657-P: Potential Effect of a Novel Combination of GLP-1RA (efpeglenatide) and Long-Acting Glucagon Analog (HM15136) in Animal Models of Metabolic Disorders

Abstract

In addition to glycemic control, GLP-1RA efficacy is established in obesity. However, more efforts are still required to close efficacy gap with bariatric surgery. Recent studies demonstrate the favorable effect of glucagon (GCG) receptor activation on energy expenditure and hepatic lipid metabolism. So, combination of GCG with GLP-1RA not only enhances body weight loss (BWL) barely achieved by current therapy, but also expands its therapeutic utility to various metabolic disorders. Previously, we confirmed the long-acting GCG properties of HM15136 from animal to human.

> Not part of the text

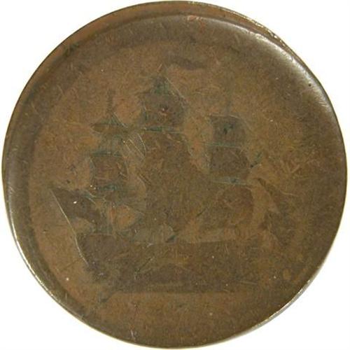 Breton 997 Ships Colonies & Commerce, No Mintmark, Drooping British Flag, Thick Flan, PE-10-3, BL-24A1, SCC-03a, VG, struck off centre

In addition, GLP-1 class effect of efpeglenatide (Efpe), once-weekly GLP-1RA, was confirmed in clinical studies. Thus, to develop a novel combination therapy, we investigated potential effects of Efpe and HM15136 combination in animal models of metabolic disorders. In DIO mice, 4 weeks treatment of Efpe and HM15136 combination (COMBO) showed more BWL than Efpe mono treatment. Of note, greater BWL was also confirmed for COMBO treatment compared to acylated GLP-1/GIP co-agonist (-18.5, -55.9, -44.9% vs. vehicle for Efpe, COMBO, GLP-1/GIP). Similar results were observed when measuring fat mass (-19.5%, -83.8%, -77.2% vs. vehicle for Efpe, COMBO, GLP-1/GIP) and blood lipid profiles (total cholesterol: -41.8%, -82.0%, -63.2% vs. vehicle for Efpe, COMBO, GLP-1/GIP) in DIO mice. To further demonstrate benefits of this novel COMBO, additional study was performed in DIO/STZ rats, and COMBO treatment consistently showed more BWL than Efpe (-5.1, -12.1% vs. vehicle for Efpe, COMBO) along with numerically more HbA1c reduction (-1.0, -1.5% vs. vehicle for Efpe, COMBO). Therefore, HM15136 might be a novel COMBO partner for Efpe, providing enhanced BWL and favorable metabolic profiles. These results warrants further evaluation for therapeutic potential of this novel COMBO in various metabolic disorders including dyslipidemia and NASH. Disclosure J. Lee: Employee; Self; Hanmi Pharmaceutical. J. Kim: Employee; Self; Hanmi Pharmaceutical. S. Lee: Employee; Self; Hanmi Pharmaceutical. J. Choi: Employee; Self; Hanmi Pharmaceutical. E. Park: Employee; Self; Hanmi Pharmaceutical. D. Kim: Employee; Self; Hanmi Pharmaceutical. S. Bae: Employee; Self; Hanmi Pharmaceutical. S. Lee: Employee; Self; Hanmi Pharmaceutical. I. Choi: Employee; Self; Hanmi Pharmaceutical.